━━━ RAW DATA
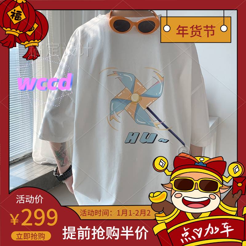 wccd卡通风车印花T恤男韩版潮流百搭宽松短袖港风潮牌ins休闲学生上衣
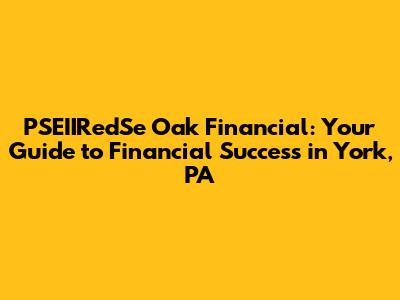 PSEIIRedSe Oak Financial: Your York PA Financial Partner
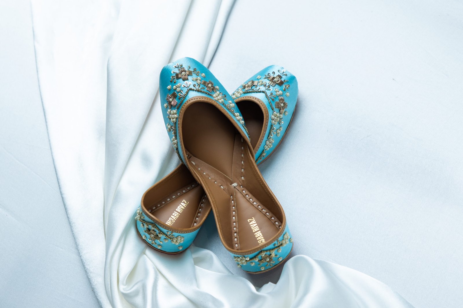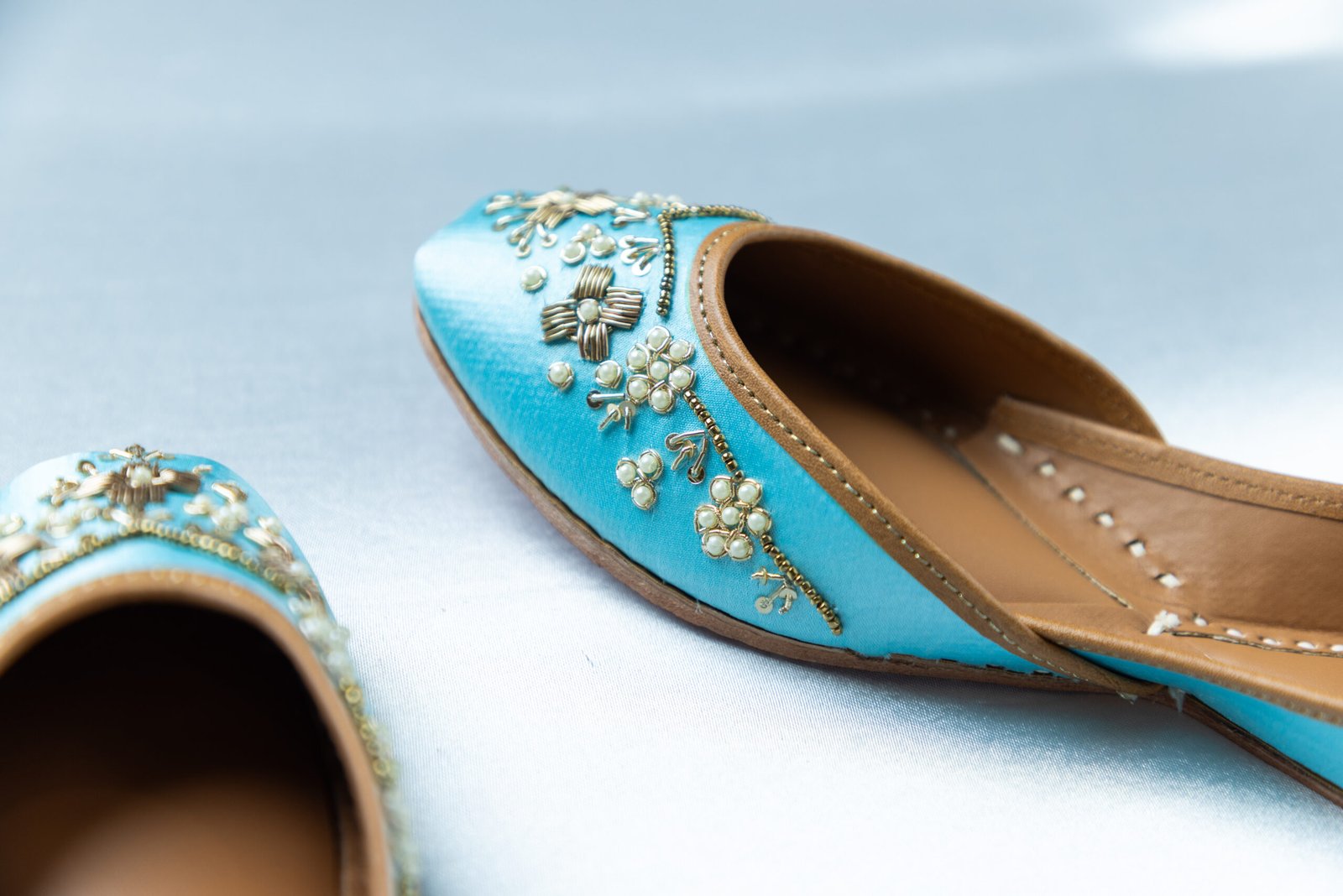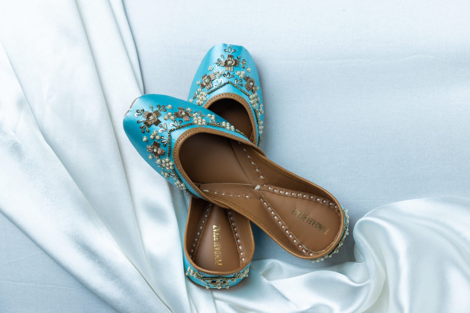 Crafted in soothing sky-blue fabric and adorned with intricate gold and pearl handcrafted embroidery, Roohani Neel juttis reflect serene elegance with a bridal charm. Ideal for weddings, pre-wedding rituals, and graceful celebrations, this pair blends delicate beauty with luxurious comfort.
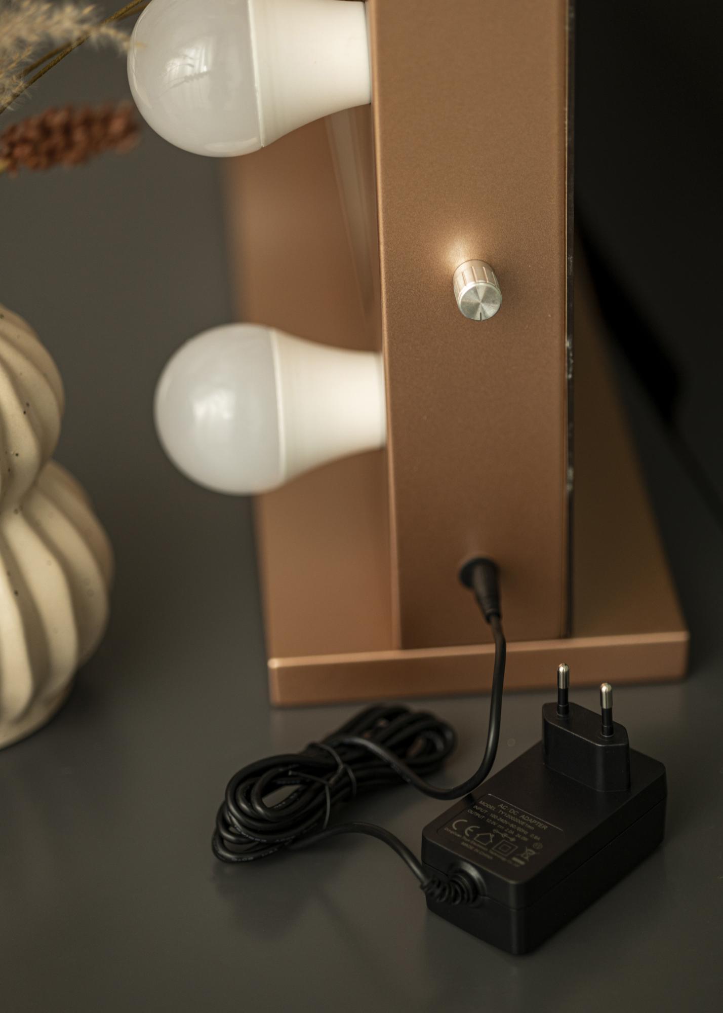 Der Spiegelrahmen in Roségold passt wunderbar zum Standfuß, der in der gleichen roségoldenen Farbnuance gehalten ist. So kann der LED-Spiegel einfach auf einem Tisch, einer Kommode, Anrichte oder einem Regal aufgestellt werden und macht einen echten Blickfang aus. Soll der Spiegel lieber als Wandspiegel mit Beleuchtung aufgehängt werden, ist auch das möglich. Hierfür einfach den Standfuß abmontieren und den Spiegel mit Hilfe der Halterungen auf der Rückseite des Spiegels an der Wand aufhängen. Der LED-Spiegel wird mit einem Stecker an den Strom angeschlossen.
━━━━━━
━━━ RAW DATA
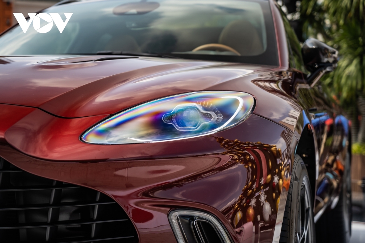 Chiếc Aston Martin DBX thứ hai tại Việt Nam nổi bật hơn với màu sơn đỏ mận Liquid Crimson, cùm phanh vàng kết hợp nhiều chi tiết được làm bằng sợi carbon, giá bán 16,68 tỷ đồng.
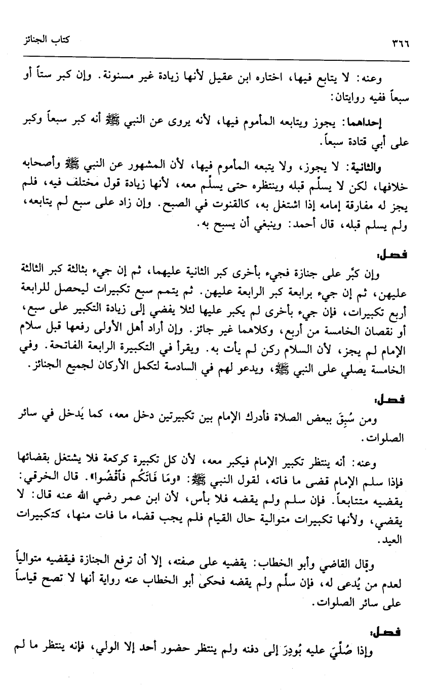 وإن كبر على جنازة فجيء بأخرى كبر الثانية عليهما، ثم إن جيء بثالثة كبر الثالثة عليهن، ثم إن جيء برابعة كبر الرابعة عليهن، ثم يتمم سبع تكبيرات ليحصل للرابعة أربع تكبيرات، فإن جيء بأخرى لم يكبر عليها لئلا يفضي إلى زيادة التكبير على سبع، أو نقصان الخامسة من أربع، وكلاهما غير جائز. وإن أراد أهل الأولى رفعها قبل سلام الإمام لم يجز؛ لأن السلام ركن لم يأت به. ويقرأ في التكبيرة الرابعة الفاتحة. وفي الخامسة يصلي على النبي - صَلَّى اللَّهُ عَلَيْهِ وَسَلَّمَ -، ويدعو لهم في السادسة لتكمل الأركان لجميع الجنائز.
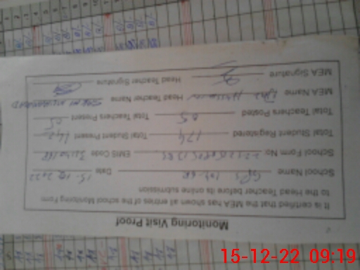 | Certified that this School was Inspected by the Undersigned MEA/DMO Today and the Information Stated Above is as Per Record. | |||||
━━━━━━
━━━ RAW DATA
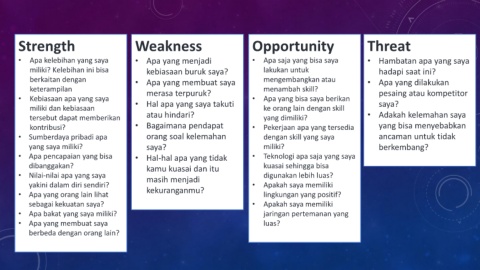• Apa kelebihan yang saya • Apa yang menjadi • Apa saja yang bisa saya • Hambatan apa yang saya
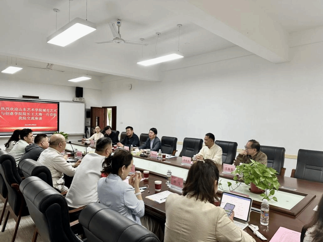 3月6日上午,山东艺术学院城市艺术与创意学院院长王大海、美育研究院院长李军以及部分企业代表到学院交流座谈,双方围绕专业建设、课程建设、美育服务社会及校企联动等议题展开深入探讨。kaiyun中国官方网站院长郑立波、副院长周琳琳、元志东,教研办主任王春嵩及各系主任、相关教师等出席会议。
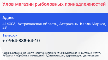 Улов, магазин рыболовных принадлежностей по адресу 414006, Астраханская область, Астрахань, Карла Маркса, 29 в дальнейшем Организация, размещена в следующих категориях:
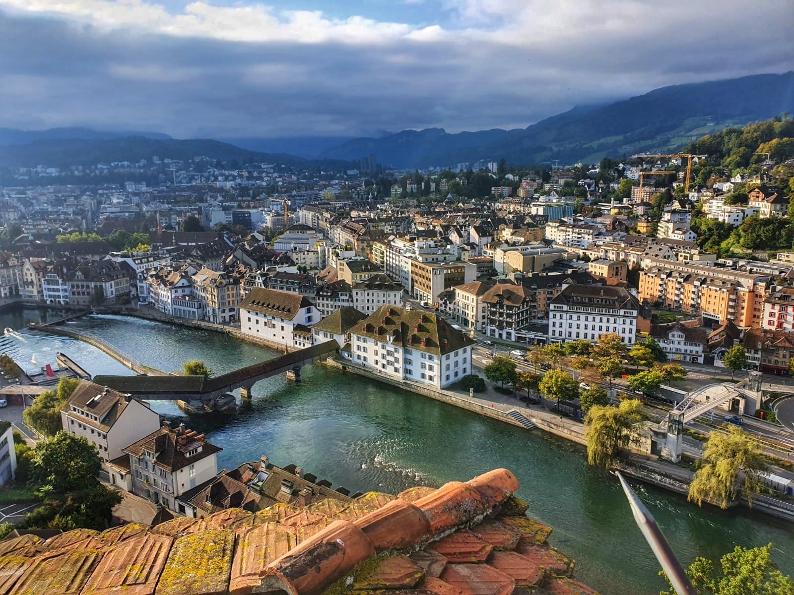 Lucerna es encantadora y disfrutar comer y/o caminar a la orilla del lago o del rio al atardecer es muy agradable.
━━━━━━
PROBLEM TO SOLVE:
In the entries above, every line from the line with "wccd卡通风车印花T恤男韩版潮流百搭宽松短袖港风潮牌ins休闲学生上衣" to the line with "Der Spiegelrahmen in" is to be printed exactly, with both ends included and pictures excluded.

TASK SOLUTION:
 wccd卡通风车印花T恤男韩版潮流百搭宽松短袖港风潮牌ins休闲学生上衣
 PSEIIRedSe Oak Financial: Your York PA Financial Partner
 Crafted in soothing sky-blue fabric and adorned with intricate gold and pearl handcrafted embroidery, Roohani Neel juttis reflect serene elegance with a bridal charm. Ideal for weddings, pre-wedding rituals, and graceful celebrations, this pair blends delicate beauty with luxurious comfort.
 Der Spiegelrahmen in Roségold passt wunderbar zum Standfuß, der in der gleichen roségoldenen Farbnuance gehalten ist. So kann der LED-Spiegel einfach auf einem Tisch, einer Kommode, Anrichte oder einem Regal aufgestellt werden und macht einen echten Blickfang aus. Soll der Spiegel lieber als Wandspiegel mit Beleuchtung aufgehängt werden, ist auch das möglich. Hierfür einfach den Standfuß abmontieren und den Spiegel mit Hilfe der Halterungen auf der Rückseite des Spiegels an der Wand aufhängen. Der LED-Spiegel wird mit einem Stecker an den Strom angeschlossen.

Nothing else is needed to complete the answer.